Brief
Stop after the line holding "Berkley Powerbait Natural". Repeat exactly every line before it in the records below, that line too, and leave out the pictures.

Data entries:
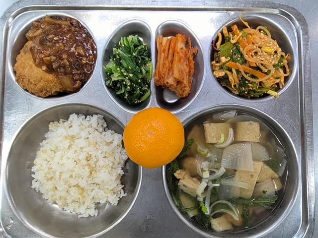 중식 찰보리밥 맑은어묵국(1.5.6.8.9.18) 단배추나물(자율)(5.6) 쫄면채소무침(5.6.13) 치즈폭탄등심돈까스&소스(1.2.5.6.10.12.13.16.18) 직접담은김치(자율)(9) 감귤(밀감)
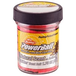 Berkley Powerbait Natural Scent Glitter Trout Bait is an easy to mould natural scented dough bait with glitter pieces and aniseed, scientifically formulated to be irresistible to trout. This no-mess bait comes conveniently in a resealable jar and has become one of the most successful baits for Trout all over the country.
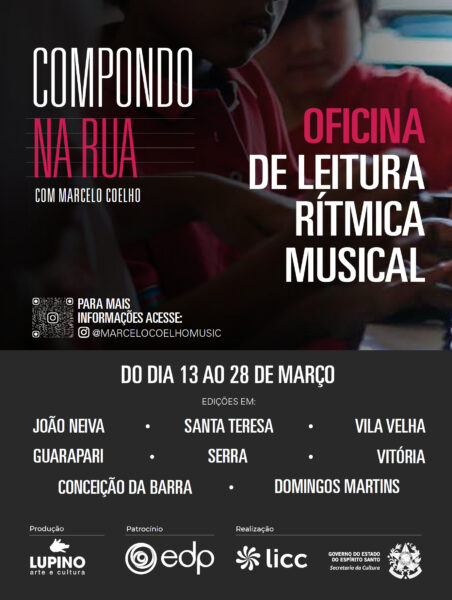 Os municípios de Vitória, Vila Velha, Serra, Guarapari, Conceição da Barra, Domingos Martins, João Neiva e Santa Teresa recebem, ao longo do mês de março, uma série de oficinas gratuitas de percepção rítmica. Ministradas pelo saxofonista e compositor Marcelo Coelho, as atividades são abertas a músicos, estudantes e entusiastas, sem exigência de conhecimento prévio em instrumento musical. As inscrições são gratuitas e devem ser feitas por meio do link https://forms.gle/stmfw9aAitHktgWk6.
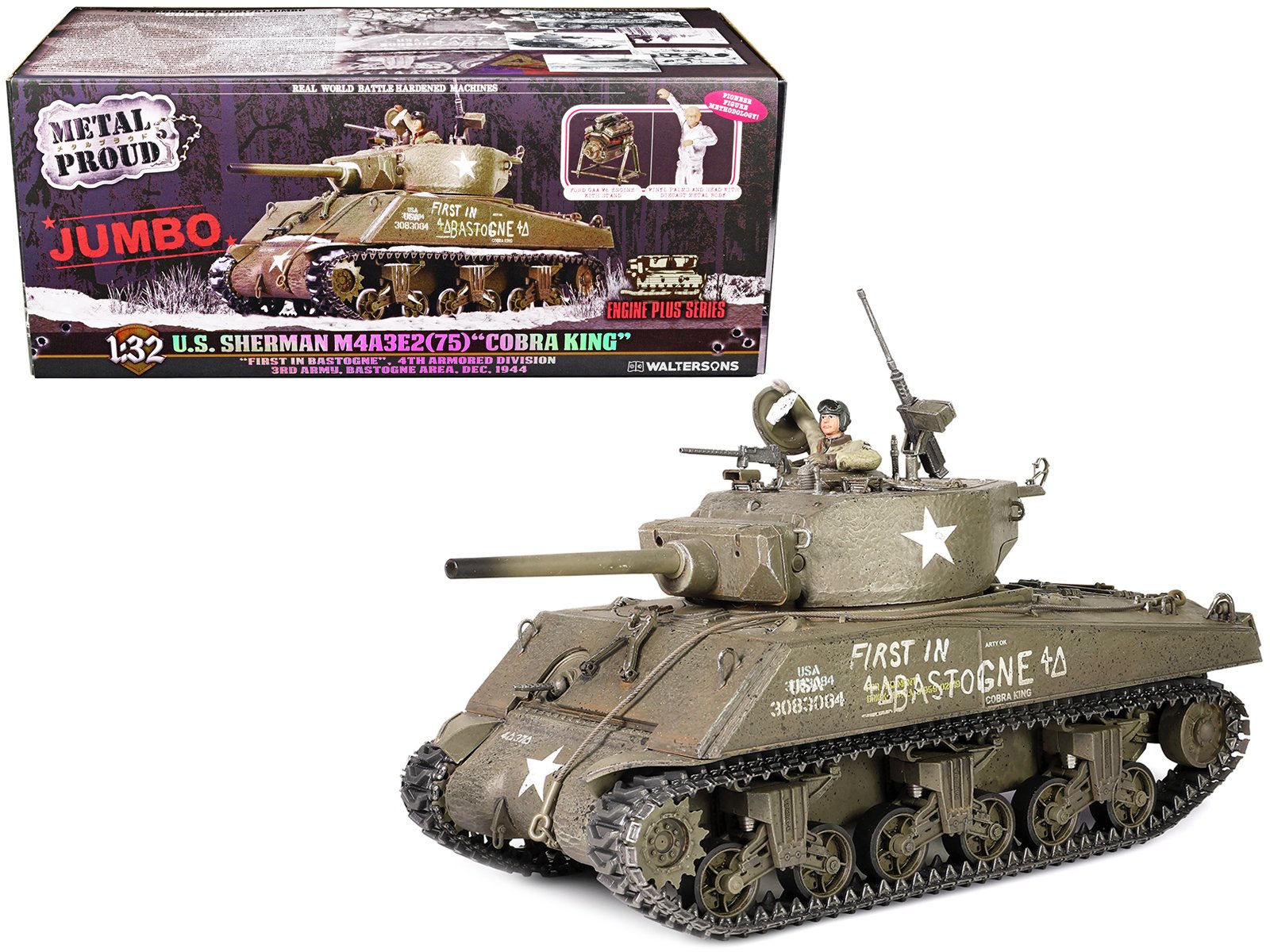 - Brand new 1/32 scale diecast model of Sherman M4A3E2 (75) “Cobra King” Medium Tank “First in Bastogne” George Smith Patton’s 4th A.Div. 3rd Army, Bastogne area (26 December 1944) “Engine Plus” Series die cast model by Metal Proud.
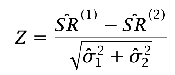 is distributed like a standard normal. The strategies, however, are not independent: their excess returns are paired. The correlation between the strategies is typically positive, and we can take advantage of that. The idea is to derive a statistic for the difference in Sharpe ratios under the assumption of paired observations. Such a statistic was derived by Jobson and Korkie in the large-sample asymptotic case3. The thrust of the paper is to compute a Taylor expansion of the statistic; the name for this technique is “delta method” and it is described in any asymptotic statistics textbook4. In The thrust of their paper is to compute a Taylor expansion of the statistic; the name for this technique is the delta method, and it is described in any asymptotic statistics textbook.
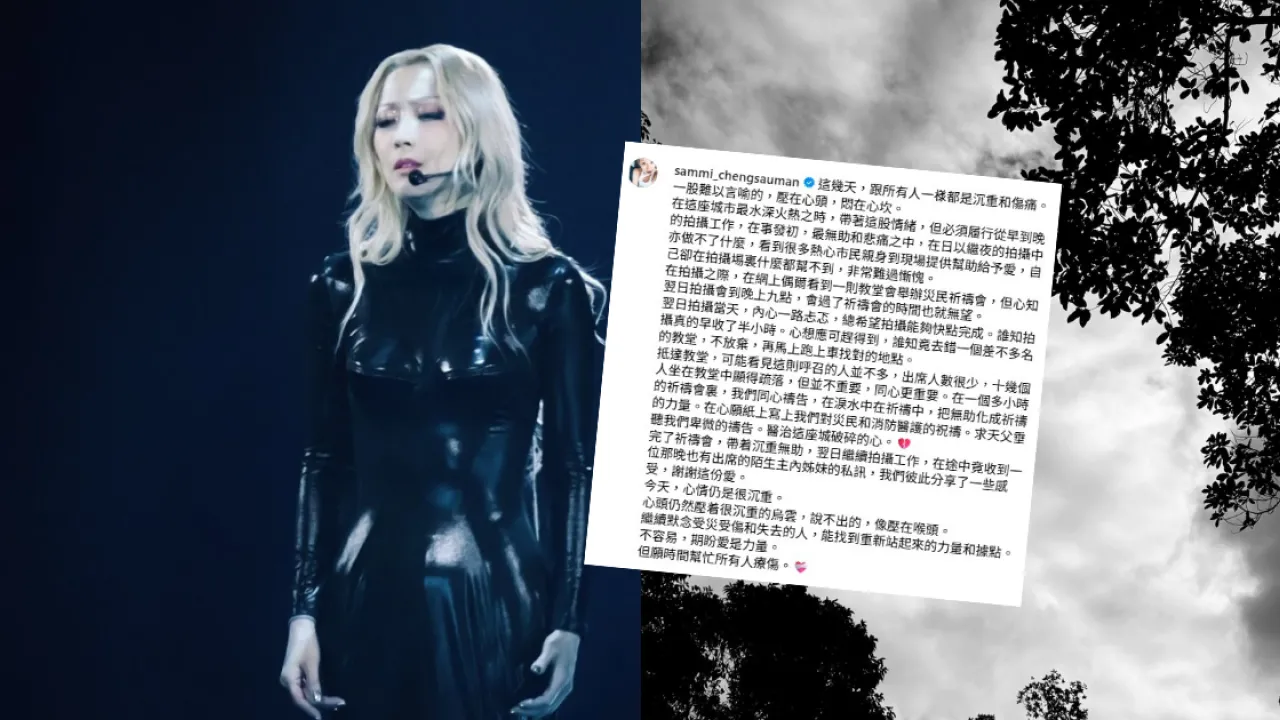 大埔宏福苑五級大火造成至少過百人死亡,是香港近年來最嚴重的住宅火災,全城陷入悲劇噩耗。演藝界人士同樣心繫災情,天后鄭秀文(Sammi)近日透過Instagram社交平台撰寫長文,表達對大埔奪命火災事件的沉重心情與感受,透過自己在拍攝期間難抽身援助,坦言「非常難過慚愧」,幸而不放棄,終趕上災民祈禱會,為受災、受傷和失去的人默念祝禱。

Answer space
 중식 찰보리밥 맑은어묵국(1.5.6.8.9.18) 단배추나물(자율)(5.6) 쫄면채소무침(5.6.13) 치즈폭탄등심돈까스&소스(1.2.5.6.10.12.13.16.18) 직접담은김치(자율)(9) 감귤(밀감)
 Berkley Powerbait Natural Scent Glitter Trout Bait is an easy to mould natural scented dough bait with glitter pieces and aniseed, scientifically formulated to be irresistible to trout. This no-mess bait comes conveniently in a resealable jar and has become one of the most successful baits for Trout all over the country.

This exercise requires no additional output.